After the fall of the communist
regime in Romania, Tsepeneag was able to return to Romanian literary life,
publishing in their original language works that had theretofore existed only
in translation (Vain Art of the Fugue,
The Necessary Nuptials) and
translating into Romanian works he had written in French.(25) He began to write fiction in Romanian once more, embarking on a series of
novels that, for the first time in his work, included “realist” elements
reflecting the social, political, and historical changes occurring in post–Cold
War Europe, in particular the issue of migration (immigration, emigration): the
trilogy Hotel Europa (1996), Pont des Arts (1998), Maramureș (2001), and the two
interrelated novels La Belle Roumaine
(2004) and Camionul bulgar [The Bulgarian Truck] (2010),
all feature journeys back and forth across Europe, between East and West.
In an
interview for the Tageblatt newspaper
(Luxembourg) after the publication of Hotel
Europa, Tsepeneag says that in the novel he aimed to transcend both
oneirism and realism by merging them within a wider space.(26) However, some critics saw the realistic, documentary elements of Hotel Europa, Tsepeneag’s first new
novel in Romanian for almost two decades, as somehow in “contravention of
canonical oneirism,” making it the first of his books in which “oneirism no
longer lays down the law.”(27) But in fact, Hotel Europa and the
four subsequent novels bring the practice and theory of oneirism to its highest
level of structural complexity and aesthetic sophistication.
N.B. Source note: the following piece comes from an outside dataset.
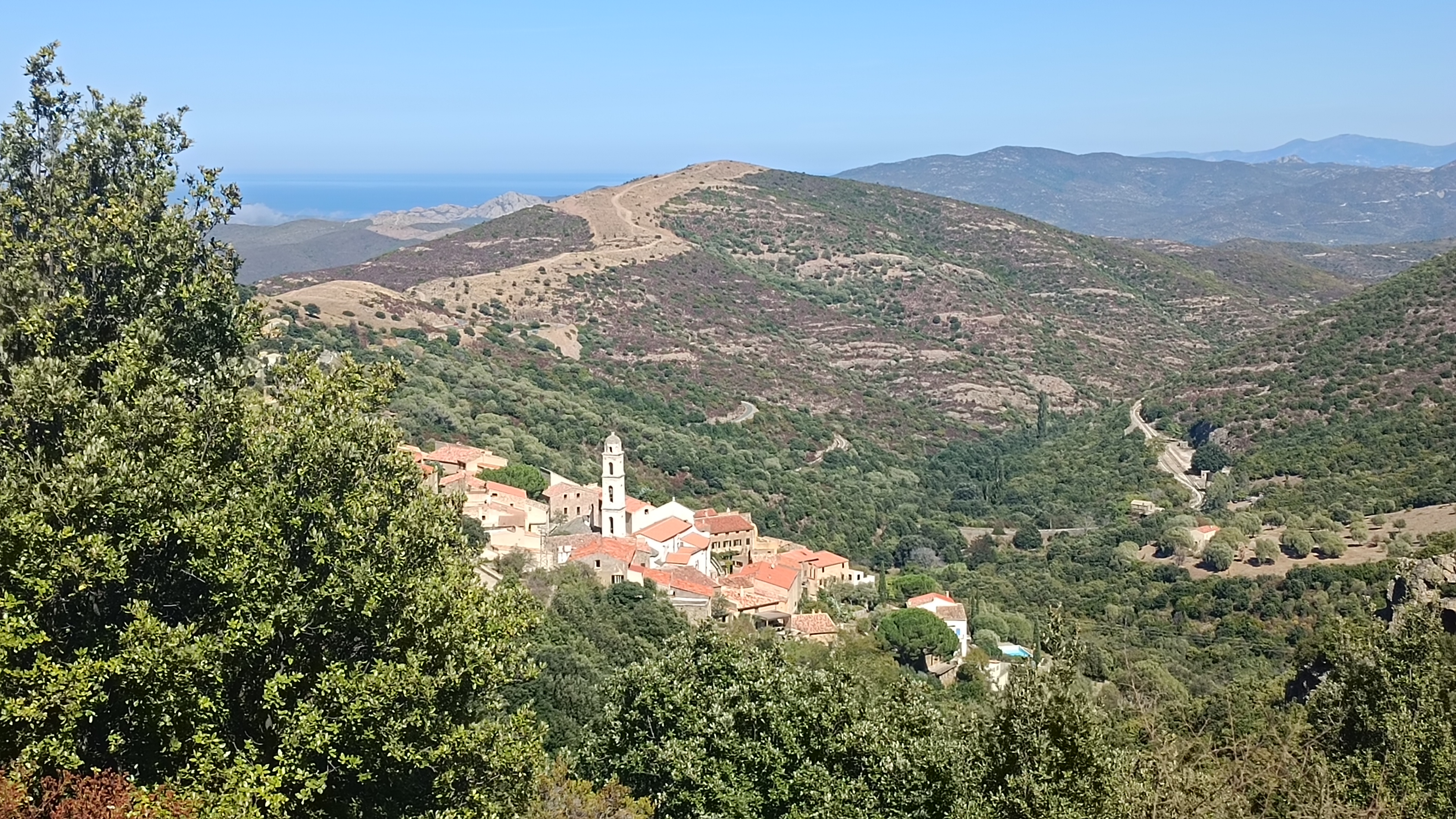 Descend here on a steep, stony path that joins another path at the abandoned hamlet of Quercioli. Follow the signs to the left indicating Belgodere Boucle San Antone and continue down the path to the RT301 road. Turn right and then immediately left. Follow the small road for about 700 meters, before the path climbs to your left towards Belgodere. The path ascends gradually and joins a track at a beautiful fountain. Turn right here and you will reach the road and the village of Belgodere.

As we have seen,
in the preface to his translation of Albert Béguin’s L’Âme romantique et le rêve, Tsepeneag argues for an oneiric
textual practice that would draw not on the content of actual dreams prior and
external to the text, but on “the imaginal material provided by the surrounding
reality, since none other exists,” applying to this material the structure and
mechanism of the dream in order to produce an oneiric text.
Employing
a technique first found in Pigeon vole,
the narrators of Tsepeneag’s novels published since 1996 incorporate faits divers into their narratives,
which always unfold at the moment of writing, without the first-person
authorial character having any means of telling in which direction his text
might go next, the same as a dreamer has no volitional control over his
unfolding dream (although, of course, behind the authorial character can be
found the author himself, with the latter lucidly structuring the dream of
writing a novel in which the former finds himself hopelessly entangled).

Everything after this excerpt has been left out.